Really, I'm getting nervous!


Generally, I'm not nervous kind of guy. My last long-time leaving is around 3 months. This time, a year. Gosh! I know I will miss everything here in Taiwan, my clothes, my Mac, my friends, my little devils(nieces and nephews), and my family, though Mars seems to be only missing my PSP...=_=.


I don't know why. It's always so difficult to tell my family I love them so much. Is it because we are traditional Chinese(or Taiwanese, political correct)? I know my family loves each other, but it's just so hard to express orally. Even to my Ex, I have problem to express this kind of things in Chinese. It's more comfortable for me to express real feelings in english or in other languages.
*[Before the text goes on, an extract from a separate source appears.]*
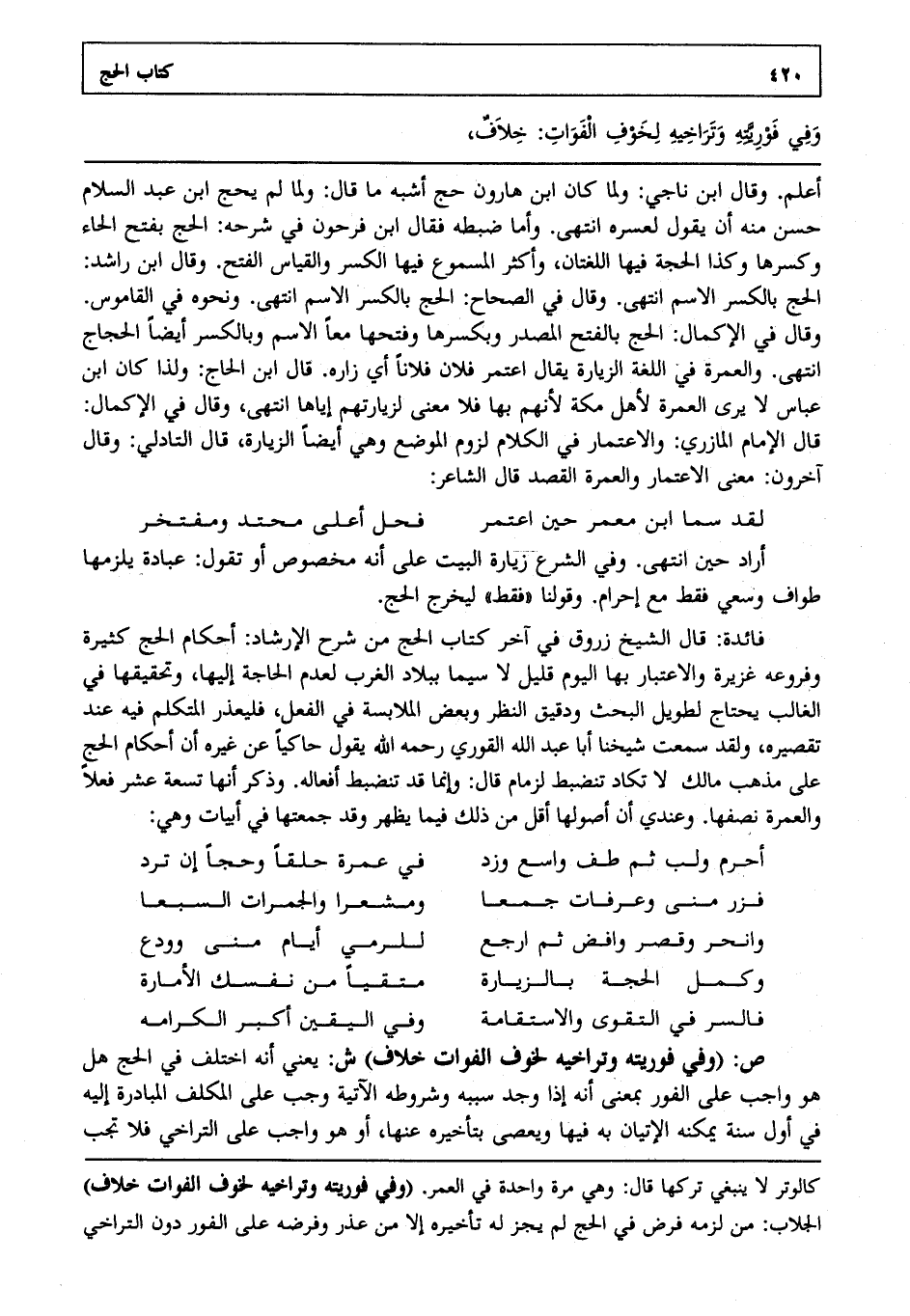 فائدة: قال الشيخ زروق في آخر كتاب الحج من شرح الإرشاد أحكام الحج كثيرة وفروعه غزيرة والاعتبار بها اليوم قليل لا سيما ببلاد الغرب لعدم الحاجة إليها وتحقيقها في الغالب يحتاج لطويل البحث ودقيق النظر وبعض الملابسة في الفعل فليعذر المتكلم فيه عند تقصيره ولقد سمعت شيخنا أبا عبد الله القوري رحمه الله يقول حاكيا عن غيره أن أحكام الحج على مذهب مالك لا تكاد تنضبط لزمام قال وإنما قد تنضبط أفعاله وذكر أنها تسعة عشر فعلا والعمرة نصفها وعندي أن أصولها أقل من ذلك فيما يظهر وقد جمعتها في أبيات وهي:

Is it because in those Hollywood films or soap operas, they say these thing so easily in English? When watching "Brothers & Sisters", I so love it! It's like my family is the Taiwanese version with very few L-words. We brothers do fight(orally, never physically) but we do support each other, too. And I know my mom and dad sometimes(or a bit more often than "sometimes") complain us with us except the topic guy, but we all know they love us.


I know I letted them down when they found out my identity, but my dad did not force me to change anything. Though I am a bit sad that they never talk about this any more after my dad's pretty long "supporting languages", I know they've already done their best. All I want to do is not letting them down again and not letting them to worry about me(but can't, I guess. My parents are like Nora in "Bros&Sis"). My Bros and sis in law are also support me in a very pleasant way. They treated us like normal couples. Let me and my Ex take their kids around(though I guess they think it's much better than taking care of kids on their own during the valuable weekends.). I really appreciate their unconditional love to me. ;-) (However, sometimes kids can't really keep secrets for their uncle.) We are just like the Walkers in Bros&Sis. We like to do things together in the family, only less fighting.


Well, I will definitely miss my family when I am in OZ. And I don't know what my life will be, but I know my family will always be here for me. Thanks all!! I'm glad to be one in the family.